Text-mining limited access corpuses

Tuesday, January 30, 2018

For scientists who have no other option but to do analysis on closed/limited access corpuses, a discussion on the merits and drawbacks of text-mining such corpuses is irrelevant. For them, it is a choice of either doing their science or not doing it at all.

But, let us consider the scientists who do have a choice. This discussion applies really only to this latter group who can either choose to conduct their research using alternative corpuses, or to dig their feet in the ground and insist upon more liberal licensing terms in line with the spirit of open science.

Restricting myself to just this group of scientists, I see no strength or opportunity in conducting text mining on closed/limited/restricted access text under onerous/restrictive licensing:

  • licenses that restrict sharing of text mining output undermine the ideals and even the practical motivations of academia
  • agreeing to the restrictive terms of publishers potentially weakens subsequent claims to accessing scientific corpuses under open terms

Friends of mine have been working on a text-mining project in the course of which they are building a very large corpus that is off-limits to the general public. This is because of a special and restrictive license negoatiated between the university and a big-name publisher:

  1. If the publisher had put very onerous terms in the license agreement that allowed you to download the papers, would you have done the project?

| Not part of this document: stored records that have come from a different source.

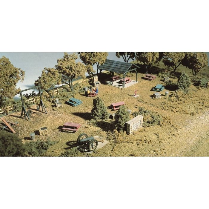 A small community would not be complete without a place to get together on those warm summer evenings. Thirty-eight white metal castings, nine trees, foliage, turf, and the materials for fence and shed are included in this 8" x 14" (20.3 cm x 35.5) scene.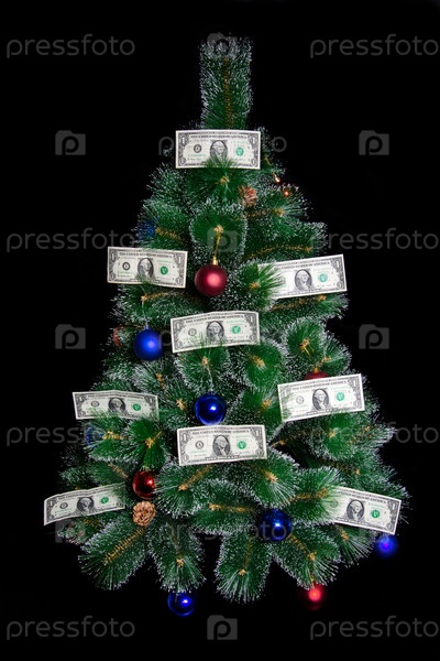 Новогодняя ель, украшенная банкнотами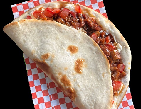 Шашлык в соусе терияки, сыр моцарелла, помидоры, соус сливочный , тесто тонкое

This describes our starting point. The university had already signed draconian agreements that gave up rights that we would have normally had under copyright law.

  1. Let’s assume that the terms were onerous enough to be unacceptable to you. But doing that research was really important for you. Would you have accepted the terms or would you have chosen to forego that research and do something else?

Re-negotiation of terms is what we have spent a lot of time doing so #2 is part of what we are still doing now. It is a pain in the ass and slow, as multiple back-and-forths are required. What we are doing is new.

  1. Do you in any way now feel hamstrung by the terms now that you are well into your project? Any regrets for having signed that?

To some extent #3 applies, but for the most part we have the range of uses we would like. There are gray areas about what we can and cannot distribute/do because of the multiple steps of separation between origial document and a result/product. Nobody has access to the original documents, nobody has access to “full corpus downloads” of first-step software output from those documents (e.g., ocr, NLP). I think that satisfies the contracts. use after that point is outside of the restrictions of any kind, though we expect citation


The above experience seems quite in line with the kind of outcome we can expect if we negotiate these one-off terms with the publishers. if one compromises on principle, if the principle is negotiable, then it is not a principle. I do believe that one has to take a truly principled stance against the publishers. This is particularly meaningful (and problematic) for a researcher who has to either stay true to the principle and forego the research or do the research at the cost of the principle.